Royal Flushes In Video Poker vs. Table Poker

 Royal Flushes In Video Poker vs. Table Poker

Video poker is a much different game than table poker. In video poker, you’re playing draw poker, is rare to nonexistent on the tables. You’re not playing against other players, you don’t have to try to read anyone else’s hand and you don’t have to evaluate whether to raise, call or fold.

One other important difference: Video poker moves much, much faster than table poker.

Still, I sometimes get emails from table poker players who want to draw comparisons between the games. One arrived in April from a veteran player who’s surprised by all the attention royal flushes get from video poker players.

“I’m almost 80 years old,” he wrote. “I have been playing poker all my life, mostly Hold’em and seven-card stud, and only very rarely see anyone get a royal flush. [Almost] never.  Yet it seems like video poker players get them all the time. How can that be?”

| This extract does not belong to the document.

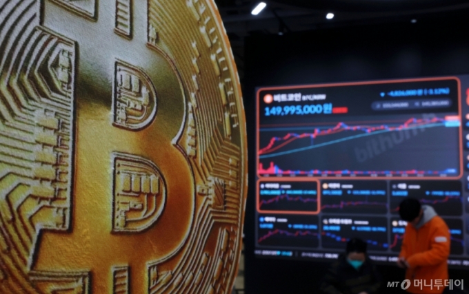 관세 전쟁 여파로 비트코인 가격이 10만 달러 밑으로 급락한 가운데 3일 서울 서초구 빗썸 라운지 강남점 전광판에 비트코인 시세가 표시되고 있다./사진=뉴시스 |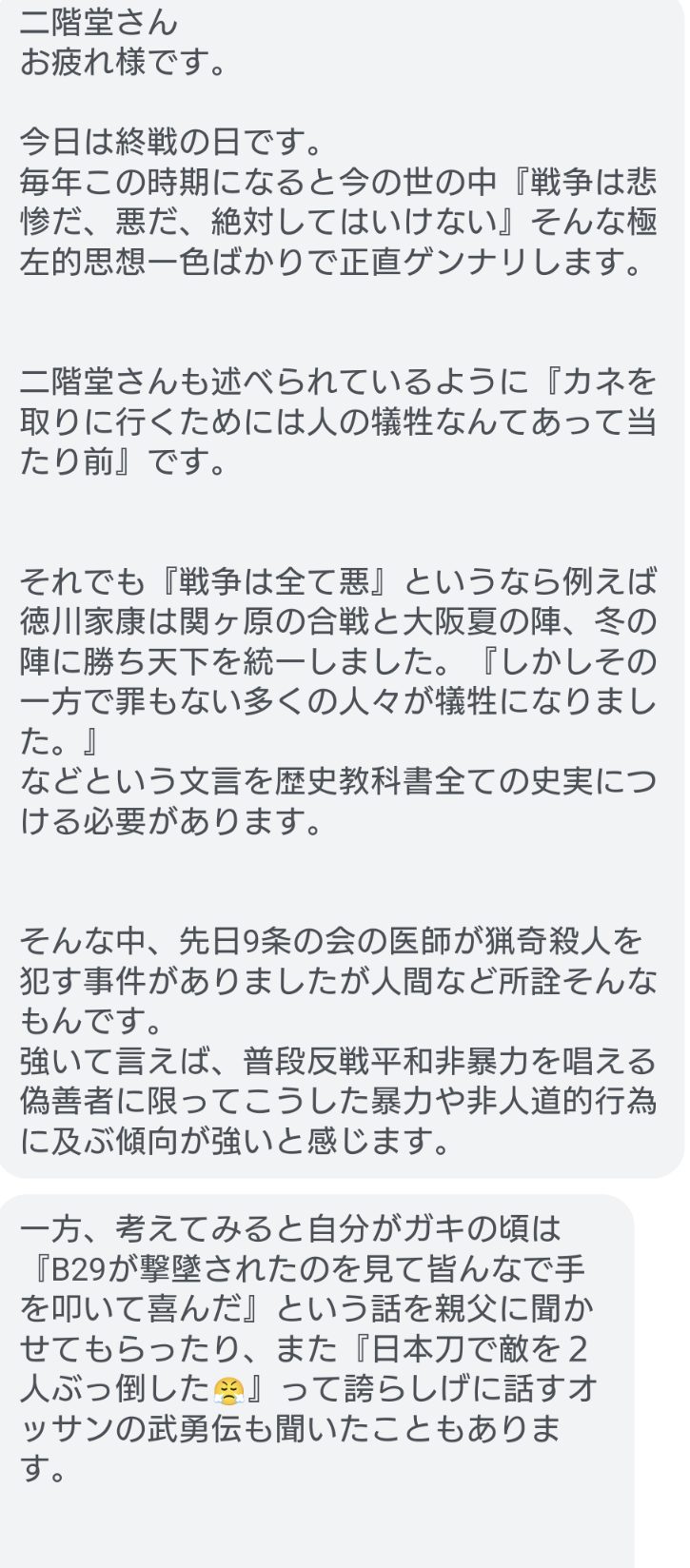 HOME > 貴様ら!俺の言うことを聞いてみませんか? >すべての戦争が悪なら、織田も豊臣も德川も天皇も戦犯だろ。 2023/08/19 01:10 ごもっともなんだよ。人は死ぬから価値がある。明日死ぬかもしれないから全力で生きれる。無限に生きれるならみんななんもしねえよ。

Royal flushes are rare hands in any game, but in the seven-card games the reader plays, the actually come up a little more frequently than in video poker. In seven-card stud, the chance of completing a royal is 1 in 30,940, a little better than the 1 in 40,000 or so for video poker’s five-card draw games.

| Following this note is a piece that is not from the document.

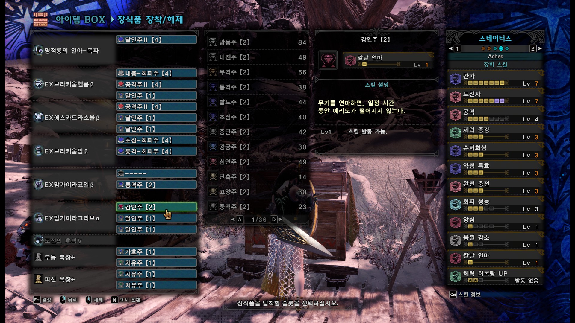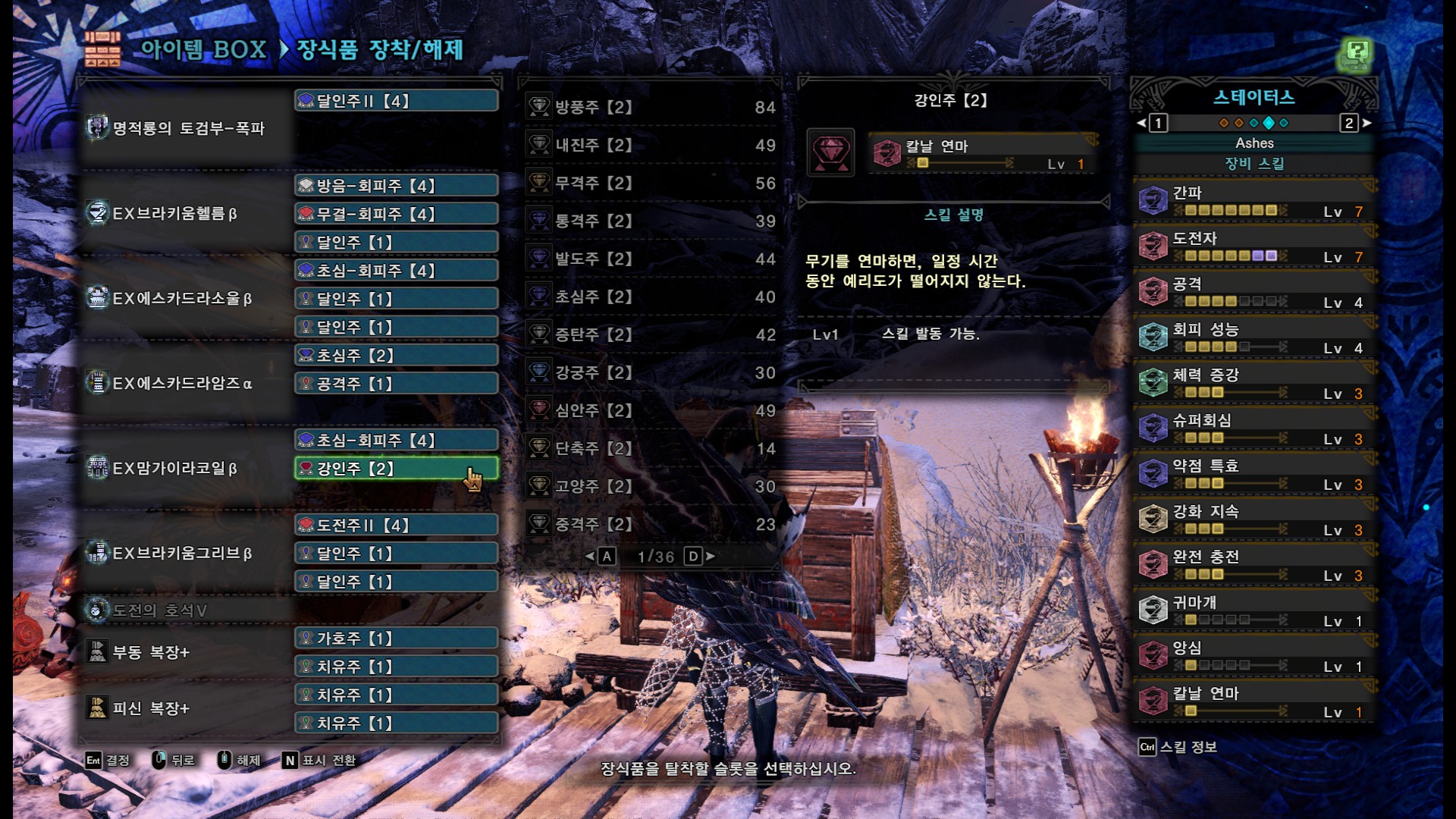 2슬롯이 하나 남는데, 심안주를 넣으면 많이 편해지는 몬스터(라잔, 은화금화룡, 얀가 등) 상대로 넣는 것도 좋을 것 같네요. 그 외 완전충전이나 속납주가 필요없다면 공격을 7까지 넣고, 추가적인 공격스킬을 더 넣을 수도 있습니다.

They’re much rarer in five-card stud games, at 1 in 649,740. You could go many, many years without seeing a royal. However, in seven-card games, they come often enough that those who play a lot will see the occasional royal.

However, video poker moves much faster than live poker, so video poker players have many more opportunities to draw rare hands.  You might see 30 hands per hour at a table poker game. A reasonably fast video poker player will see 800 hands per hour.

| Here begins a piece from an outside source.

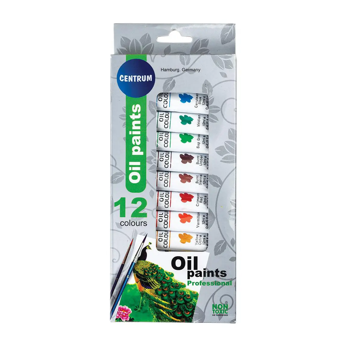 Висококачествени ученически темперни бои Centrum маслени в метални тубички комплект от 12 цвята в картонена кутия.

At 30 hands per hour, each player at live poker will average one royal per 1,000-plus hours of play. There’s no guarantee. You could see two or three royals in that time, and you might go 2,000 or 3,000 hours without one.

But in video poker, the player who gets in 800 hands per hour averages a royal once per 50 hours. Speed can be costly when the cards are bad, but it also makes royal flushes a realistic part of the game.